The financially unthinkable has happened. King Arthur: The Legend of the Sword, is flopping at the box office. The $175 million budget movie is on pace to make about $100 worldwide. A movie with a bland main character, predictable story, completely grey color scheme, released the after the 2nd biggest movie of the year, is flopping. So what went wrong?

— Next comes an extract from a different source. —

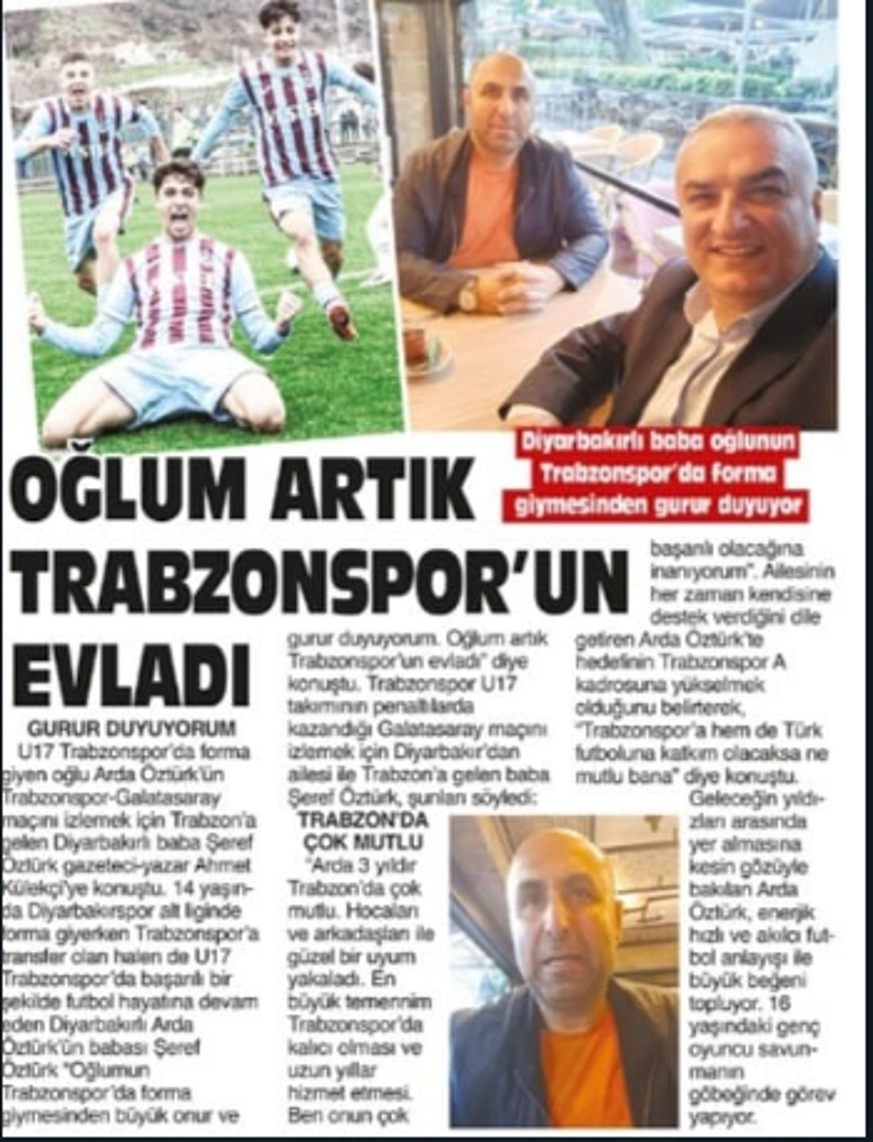 Diyarbakırlı Arda Öztürk bu sezon U19 takımı ile 18 maça çıktı 1 gol ve 3 asist yaptı.. Trabzon şehrini çok sevdiğini 4 yıldır alt yapısında mücadele ettiği Trabzonspor da ise kalıcı olmak istediğini belirten Arda Öztürk bana güvenleri mahcup etmeme adına çok çalışacak Trabzonspor formasının büyüklüğüne layık olacağım dedi.

Let’s start with a few things about the box office. The ultimate internet location for box office information is BoxOfficeMojo.com. They are the first to report the weekend numbers, they have easy to sort lists by actor, director, movie franchise, and even genre. Most of what I reference for this post will be from that websites figures. On top of that, when looking at a movie’s budget, there is a generally accepted formula of doubling the listed production budget to account for the marketing the studio spent on the movie. It is not an exact science, but a simple enough scaling formula. The bigger the budget, the bigger the movie, the more commercials, cross promotions, etc. This is what takes a movie like Disney’s John Carter, which at first appears to have made a $30 million, actually one of the biggest flops ever. For King Arthur, the $175 million production budget means approximately $350 million in total cost. In the first weekend GLOBALLY, the film grossed $50 million. Movies typically make 30-40% of their total gross on opening weekend. This is a flop.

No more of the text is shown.